Clinicopathological characteristics and outcomes of rare histologic subtypes of gallbladder cancer over two decades: A population-based study

  • Sandeep Samuel, 
  • Sarbajit Mukherjee, 
  • Nischala Ammannagari, 
  • Venkata K. Pokuri, 
  • Boris Kuvshinoff, 
  • Adrienne Groman, 
  • Charles M. LeVea, 
  • Renuka Iyer



There is limited literature about the clinicopathological characteristics and outcomes of rare histologic variants of gallbladder cancer (GBC).


Using SEER database, surgically managed GBC patients with microscopically confirmed adenocarcinoma, adenosquamous/squamous cell carcinoma and papillary carcinoma were identified from 1988 to 2009. Patients with second primary cancer and distant metastasis at presentation were excluded. The effect of clinicopathological variables on overall survival (OS) and disease specific survival (DSS) were analyzed using univariate and multivariate proportional hazards modeling. All associations were considered statistically significant at an alpha error of 0.01.

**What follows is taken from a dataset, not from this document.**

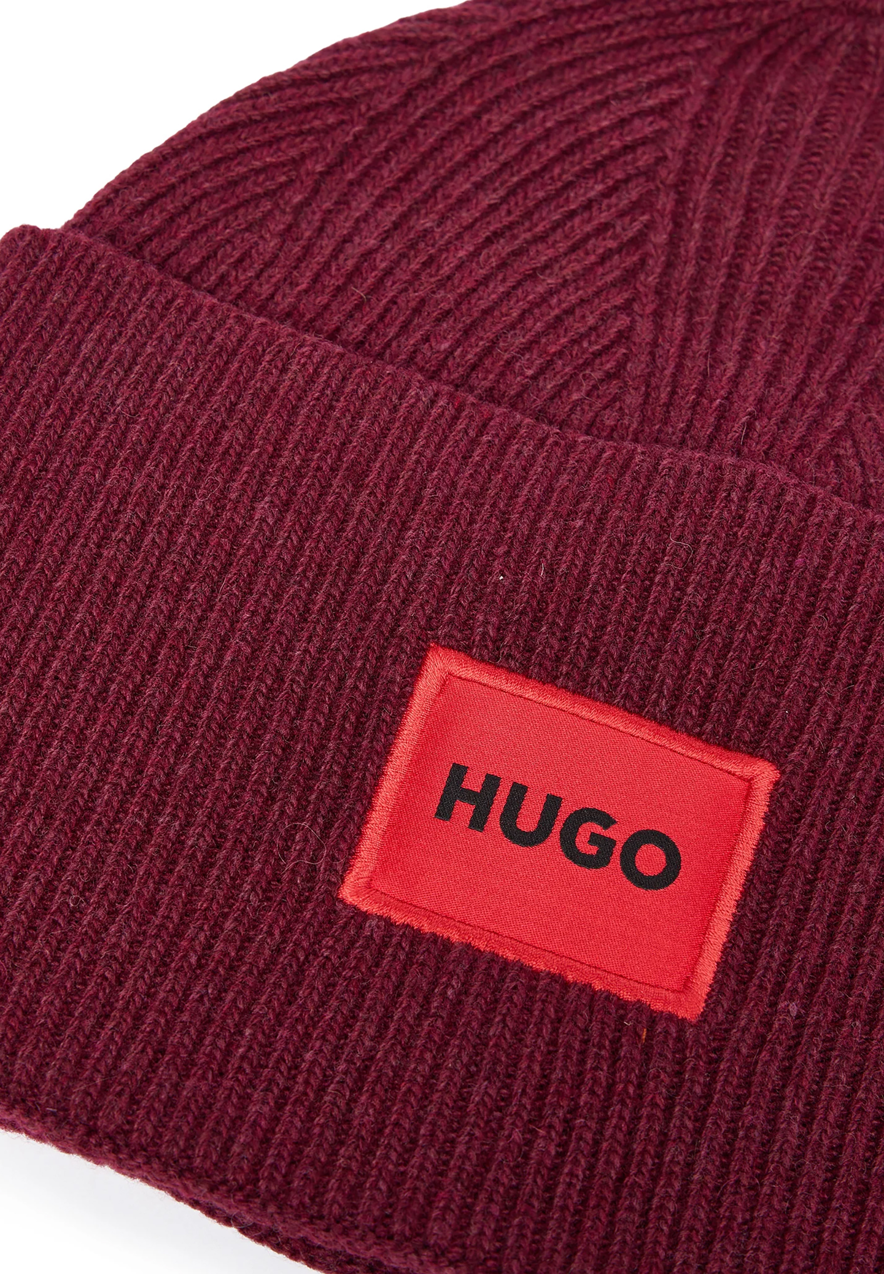 Gerippte HUGO Herren-Mütze mit einem Logo-Etikett im charakteristischen Rot.

Out of 4738 cases, 217 adenosquamous/squamous (4.6%), 367 papillary (7.7%), and 4154 adenocarcinomas (87.7%) were identified. Median age was 72 years. Higher tumor grade (grade 2, 3, 4 versus grade 1), higher T stage (T2, T3, T4 versus T1), lymph node positivity (N1 versus N0) and adenosquamous/squamous histology (versus adenocarcinoma) had worse OS and DSS (p < .001). Papillary GBC had better OS and DSS than adenocarcinoma (HR = 0.7; p < .001). Radical surgery (versus simple cholecystectomy) had better OS (HR = 0.83, p = 0.002) in multivariate analysis. OS rates at 3 and 5 years were 0.56 and 0.44 for papillary, 0.3 and 0.22 for adenocarcinoma, and 0.14 and 0.12 for adenosquamous/squamous histology, while DSS rates at 3 and 5 years were 0.67 and 0.61 for papillary, 0.38 and 0.31 for adenocarcinoma, and 0.17 and 0.16 for adenosquamous/squamous subtypes respectively.


Papillary GBC had better survival outcomes while adenosquamous/squamous GBC had worse survival outcomes compared to gallbladder adenocarcinoma.


Gall bladder cancer (GBC) is the most common biliary tract malignancy and the fifth most common gastrointestinal cancer [1, 2]. GBC and nearby large bile duct cancers accounted for an estimated 11,420 new cases and 3710 deaths in the United States in 2016. GBC has a dismal prognosis and majority of the cases are asymptomatic and are incidentally diagnosed during gall stone exploration or after cholecystectomy performed for a non-malignant indication[3]. Therefore, the index surgical procedure is often a simple resection of the gallbladder and a revision surgery is planned based on the staging results [4]. According to the National Comprehensive Cancer Network (NCCN) guidelines [2], a simple cholecystectomy is an adequate treatment for T1a tumors. While there is some controversy over T1b tumors [2], a complete surgical resection consisting of cholecystectomy with a limited hepatic resection and portal lymphadenectomy is the only curative treatment for T2 or greater tumors. It is performed either as an index procedure or as a revised procedure at a later date.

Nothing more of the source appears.